Data follows below. Repeat exactly the lines between the line holding "Москва в рамках" and the line holding "Original Silk Sarees", inclusive, and nothing more; drop pictures.

EXTRACTED ENTRIES START

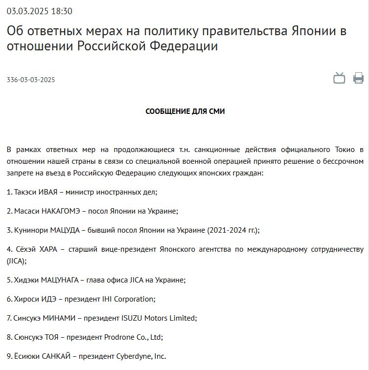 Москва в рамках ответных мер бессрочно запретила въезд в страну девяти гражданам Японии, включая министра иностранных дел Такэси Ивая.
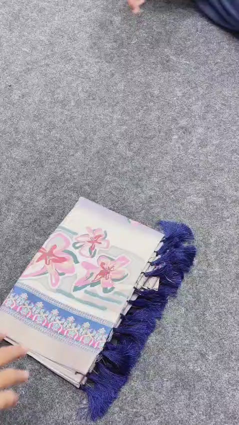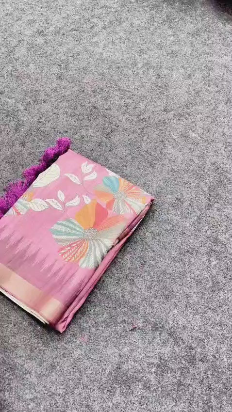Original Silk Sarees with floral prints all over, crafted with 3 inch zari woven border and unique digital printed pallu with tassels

EXTRACTED ENTRIES END
EXTRACTED ENTRIES START

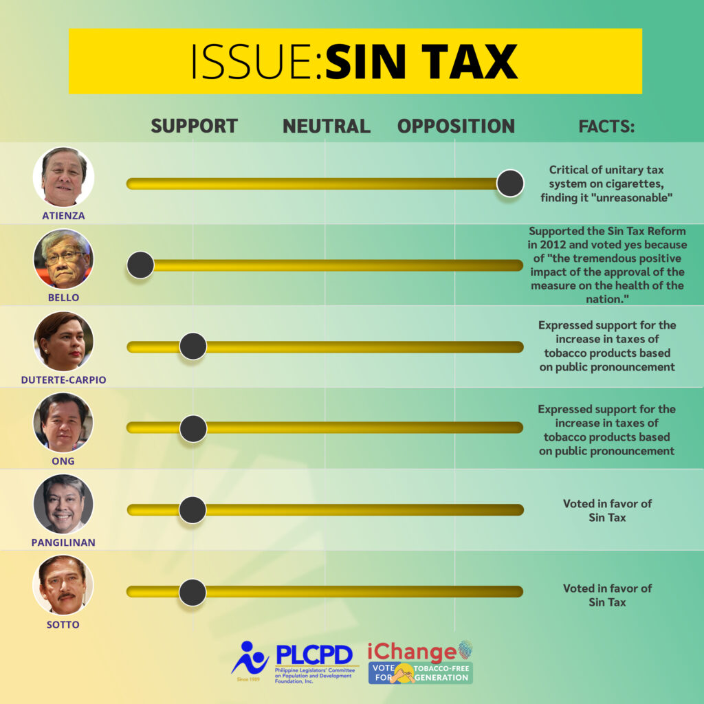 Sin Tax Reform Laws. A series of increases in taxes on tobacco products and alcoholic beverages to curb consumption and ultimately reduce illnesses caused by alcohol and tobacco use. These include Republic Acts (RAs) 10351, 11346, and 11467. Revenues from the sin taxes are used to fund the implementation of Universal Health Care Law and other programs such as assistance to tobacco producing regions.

EXTRACTED ENTRIES END

● COMPLETED EXERCISE:
 Москва в рамках ответных мер бессрочно запретила въезд в страну девяти гражданам Японии, включая министра иностранных дел Такэси Ивая.
Original Silk Sarees with floral prints all over, crafted with 3 inch zari woven border and unique digital printed pallu with tassels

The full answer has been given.